A novel pH-responsive magnetic nanosystem was designed and developed for cancer therapy. For this purpose, a well-defined terpolymer was synthesized through the polymerization of 2-hydroxyethyl methacrylate (HEMA) monomer using reversible addition fragmentation chain transfer (RAFT) technique and simultaneous grafting of ε-caprolactone (ε-CL) monomer via ring-opening polymerization (ROP) approach followed by block copolymerization of acrylic acid (AA) monomer via RAFT polymerization method, in order to produce a poly(acrylic acid)-block-[poly(2-oxyethyl methacrylate)-grafted-poly(ε-caprolactone)] [PAA-b-(POEMA-g-PCL)]. Afterward, magnetite nanoparticles (Fe₃O₄ NPs) were synthesized through chemical co-precipitation method, and then incorporated into the developed terpolymer through physical interactions (e.g., electrostatic and hydrogen bonding) via solution mixing approach. The doxorubicin hydrochloride (Dox), as an anticancer model drug, loading (LE) and encapsulation (EE) efficiencies of the fabricated magnetic nanosystem were calculated to be 96 ± 5 and 9.65 ± 0.5%, respectively. The drug release study results revealed that the developed drug delivery system (DDS) could be efficiently control the delivery of Dox in response to pH stimuli.

INTRODUCTION

Based on cancer statistics, this disease will soon become the most important healthcare problem. Conventional cancer treatment approaches (e.g., chemo- and radiation-therapies) affects both cancerous and healthy tissues that lead to numerous side effects, including fatigue, hair loss, nausea and vomiting, easy bruising and bleeding [1‒4]. Thus, development of more efficient treatment approaches is necessary for reducing the side effects of current cancer therapy methods. In this context, the advent of nanotechnology has been sensible role in the development of novel and efficient approach for cancer therapy. Among the various nanomaterials, magnetic nanoparticles (Fe₃O₄ NPs) have been attracted great deal of attention mainly due to facile fabrication process and low cost raw materials, high safety, and excellent magnetic property [5‒9].

The most important biomedical applications of Fe₃O₄ NPs can be listed as enzyme immobilization, bioanalytical fields, magnetic resonance imaging (MRI), magnetic fluid hyperthermia therapy, as well as drug and gene delivery [10‒13]. Among these, the development of drug delivery systems (DDSs) based on Fe₃O₄ NPs is particular of interest due to some inherent features of magnetite DDSs, including rapid and easy isolation at the targeted area using an external magnetic field, diagnosis via MRI technique, and possibility for magnetic fluid hyperthermia therapy.

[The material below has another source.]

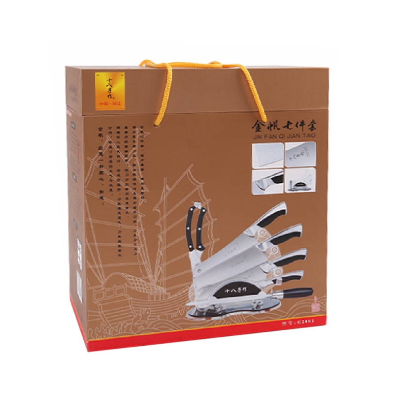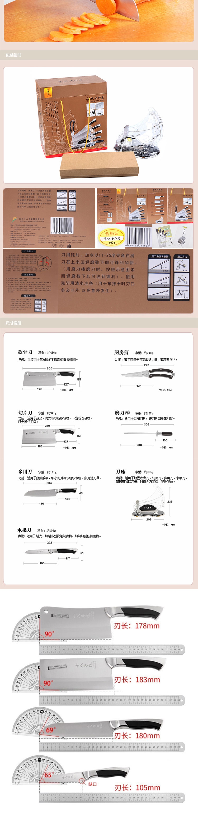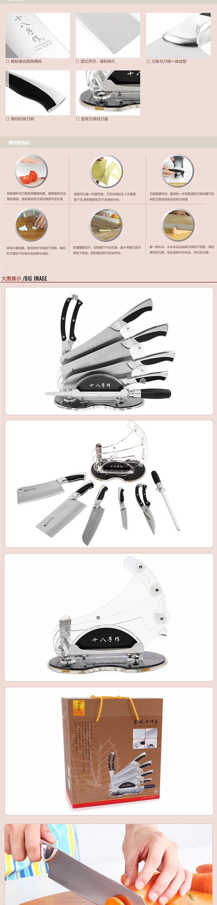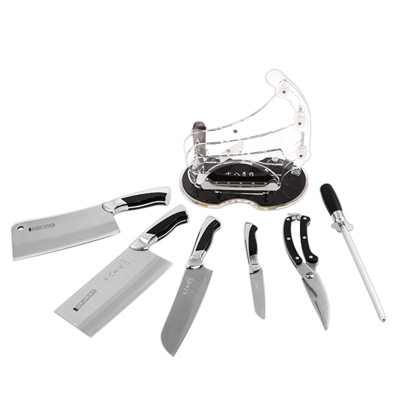 配置:砍骨刀、切片刀、多用刀、水果刀,剪刀、磨刀棒,亚克力刀座

However, for in vivo applications the surface modification of Fe₃O₄ NPs is necessary in order to protect them reticuloendothelial system as well as increase the stability and bio-availability [13, 14]. In this context, the surface modification of Fe₃O₄ NPs with macromolecules, especially stimuli-responsive polymers can be led to “smart” DDSs.

The stimuli-responsive systems can be self-assembled into one or more forms of micellar aggregates in aqueous solutions or supramolecular gels in response to external stimuli triggers [13, 15]. Among the numerous stimuli, pH-responsive DDSs are more fascinating mainly due to diversity of pH in cancerous site (4.0 and 5.4 are the average pH values of cancer cell lysosomal and endosomal, respectively) and blood or normal tissues (pH = 7.4) that lead to “smart” drug release at the target site [16‒18]. In general, the pH-responsive polymers possess acidic (e.g., carboxyl) or basic (e.g., ammonium salt) pendent groups in own main chains, which either release or accept protons in response to pH changes [19‒20]. Among the various pH-responsive polymers, poly(acrylic acid) (PAA) with carboxyl pendent group have received more attention mainly due to its inherent physicochemical and biological features such as water solubility, good pH responsibility, excellent and instantaneous mucoadhesive properties, as well as good biocompatibility and biodegradability [13, 20].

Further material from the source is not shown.